Friday, November 04, 2005

Chavez packs them in 

Some of you may have noticed there is a little hemispheric summit going on down in Argentina. Both Bush and Chavez are in attendance. But they seem to be getting starkly different receptions as Chavez is speaking to stadiums packed with adoring fans while Bush just hopes to make it out alive. For excellent updates on the goings on down there (in Spanish) you can read here and here.

It is not surprising that Bush isn’t popular in Latin American. It’s not just his imperial arrogance that does him in. Rather it’s the two decades worth of failed economic policies that the U.S. has foisted on Latin America that has created much bitterness. Lets recall just half a decade ago the Argentine economy was joined at the hip with the U.S. dollar at the urging of the “we know what’s best for you” economists of the IMF and the U.S. government. Of course, all that accomplished was to completely devastate the Argentine economy and make anything emanating from Gringolandia not too popular, Bush being no exception. What’s more, Bush isn’t even too popular in his own country. So the rude reception he is receiving is no surprise.

None of that, however, explains the rock star status of Hugo Chavez. Why exactly is he so popular throughout Latin America – so much so that he regularly upstages other Latin American leaders in their own countries? To understand that I think we have to look at what is going on in Venezuela, and look at it not in isolation but in comparison with the rest of Latin America. That is, how do Venezuelan’s perceive their country vis-à-vis how other Latin Americans perceive their own countries?

That is not something easy to do but fortunately a Chilean polling firm, Corporacion Latinobarometro, did it by carrying out extensive polling in 18 Latin American countries the results of which were published in Ultimas Noticias on Wednesday. Lets take a look at some of what they found out.

First they asked people how democratic they thought their country was on a scale of 1 to 10 (10 being the most democratic). Venezuelans, more than any other Latin Americans, consider their country to be democratic giving it a rating of 7.6. That was followed by Uruguay with 7.1, Costa Rica with 6.5, Chile 6.2, the Dominican Republic 6.1 and Colombia 5.8. So Venezuelans know they live in a vibrant democracy.

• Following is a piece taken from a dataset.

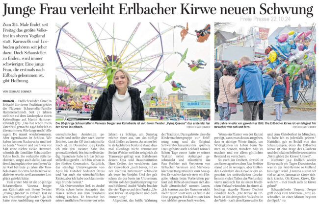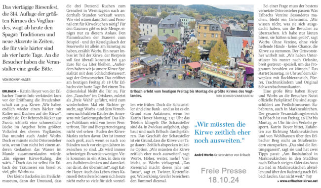 Die 314. Erlbacher Kirwe ist vorbei, die 315. ist schon in den Startlöchern. Ohne Übertreibung kann man sagen, sie war einer der Höhepunkte des Jahres im Oberland. Über vier Tage war Erlbach ein Magnet für viele Vogtländer und Gäste aus allen Landesteilen und auch aus Tschechien.

Another key question asked in all countries was do people view their own countries as “progressing”. In Latin America as a whole only 32% thought that their countries were progressing. Chile had the highest percentage at 62% while Venezuela was second with 54%. So it is also clear many more Venezuelans think their country is progressing than is the norm in Latin America.

The third key question was whether people approved of the current government in their countries. In Venezuela the percentage approving the governments performance was 65% (note how closely this matches the many Venezuelan polls which give Chavez a 70% approval rating). That was fourth highest in Latin America after Uruguay with 72%, Argentina with 71% and Colombia with 69%.

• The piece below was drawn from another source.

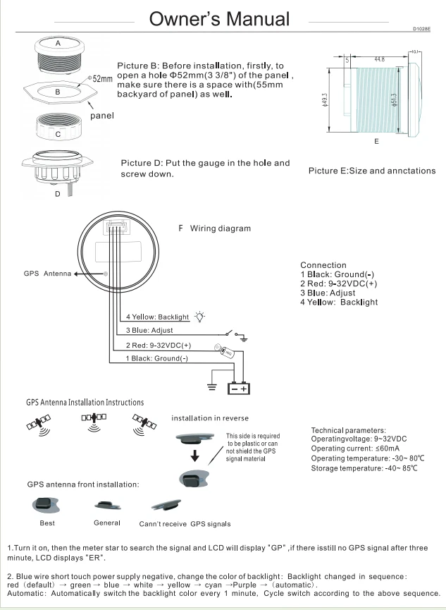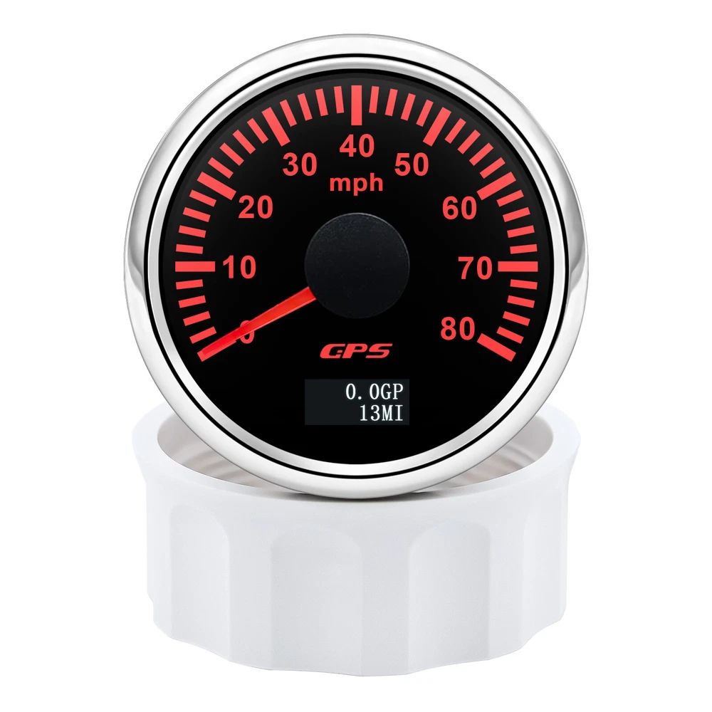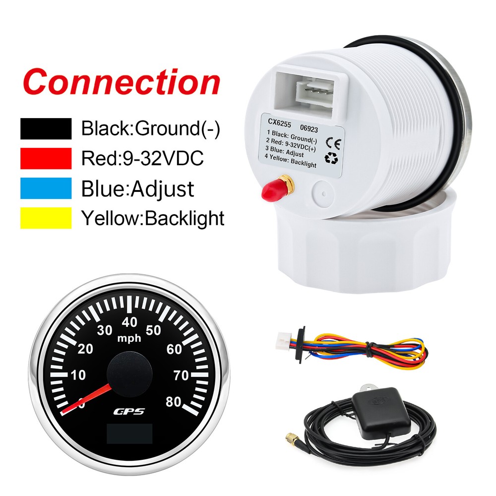 52mm Waterproof GPS Speedometer 0-80MPH Odometer Gauge for Marine Boat Car Truck 85mm GPS Speedometer Gauge 80 MPH Speed Stainless Waterproof for Car Boat Truck Specifications: Name: GPS Speedometer Odometer Material: PVC+Stainless steel+Glass Panel Color:Black Backlight Color: 7Colors LED Fixing Dimension: 85mm(3-3/8") Working Voltage:9~32VDC Working Current: ≤100mA Operating Temperature: -30°~75° Storage Temperature:-40°~85° Levels Of Protection: IP67 Indicating Range: 0-80MPH Suitable for car truck boats off-roadvehicles boats Features: -Protection grade is IP67. -100% brand new and high quality -With polarity reverse protection function. -The durability is good, and the seismic performance is good. -Thesignal comes directly from the satellite signal receiver(GPS Speed Sensor) -The gauge has the advantages of high precision,quick location confirmation and short start up time. -With ultra-wide working voltage design(long-term operating voltage: 9~32V,Maximum up to:36V(≤ 1 min) Installation instructions: 1.Opening a hole in the panel (your cabin board and dashboard) with a diameter of 85mm,Insert meter into the hole,The panel corresponding to the instrument panel is marked with a convex table,and open a small notch in this location,To ensure that there is at least 85mm of the instrument panel at the back of the instrument. 2.After the instrument is mounted in the panel,Screw down with a fixed ring.Opening a hole in the panel (your cabin board and dashboard) with a diameter of 85mm,Insert meter into the hole,The panel corresponding to the instrument panel is marked with a convex table,and open a small notch in this location,To ensure that there is at least 85mm of the instrument panel at the back of the instrument. 3.Connect the wire,the instrument housing is directly connected to the 9~36V power supply. 4.Insert wire harness,Firmly locked in the table. Package List: 1 x GPS Speedometer 1 x Standard Cables 1 x GPS Receiver 1 x Installation Instruction

So when other Latin Americans look to Venezuela what do they see? Not only a country with a booming economy and improving social welfare indicators but also one of the most, if not THE most, democratic countries, a country that is “progressing”, and a government that enjoys the support of a large majority of its citizens. Tell me who wouldn’t want to emulate that!

And in fact that is what we are witnessing in the pictures from Uruguay. Latin Americans are tired of right wing governments that care more about selling off everything the government owns than whether or not the average person has enough to eat. And they are even more tired of so called “leftist” politicans who turn far to the right as soon as they take office (and Venezuela had LOTS of them before Chavez came to power).

What people want is a break from the orthodoxy of the “Washington consensus” that has done nothing but enrich a corrupt few while impoverishing millions for two decades now. They want politicians who actually govern as they campaign. And they want leaders who are strong enough to stand up to the furey of the old elites when their privileges are challenged in the interest of helping the 80% who have always been marginalized.

The see that in Chavez. But not only do they see him challenging the right wing orthodoxy, standing up to rabid elites, and doing what he promised to do all along – they see him actually being successful in doing all that. The economy booms, poverty is down, and people who were never worth a hill of beans to previous governments are now the complete focus of this government. In other words, Chavez didn’t just kick in the door of the old rancid and corrupt political and economic systems. He is actually building something better in its place. If I were a Mexican, Brazilian, Honduran, Ecuadorian, or Bolivian I think I’d be looking on with a bit of envy too. Heck, I might even make my way down and join the adoring crowd:

In case you are wondering, yes that is Diego Maradona. My apologies to any British football fans who may be reading!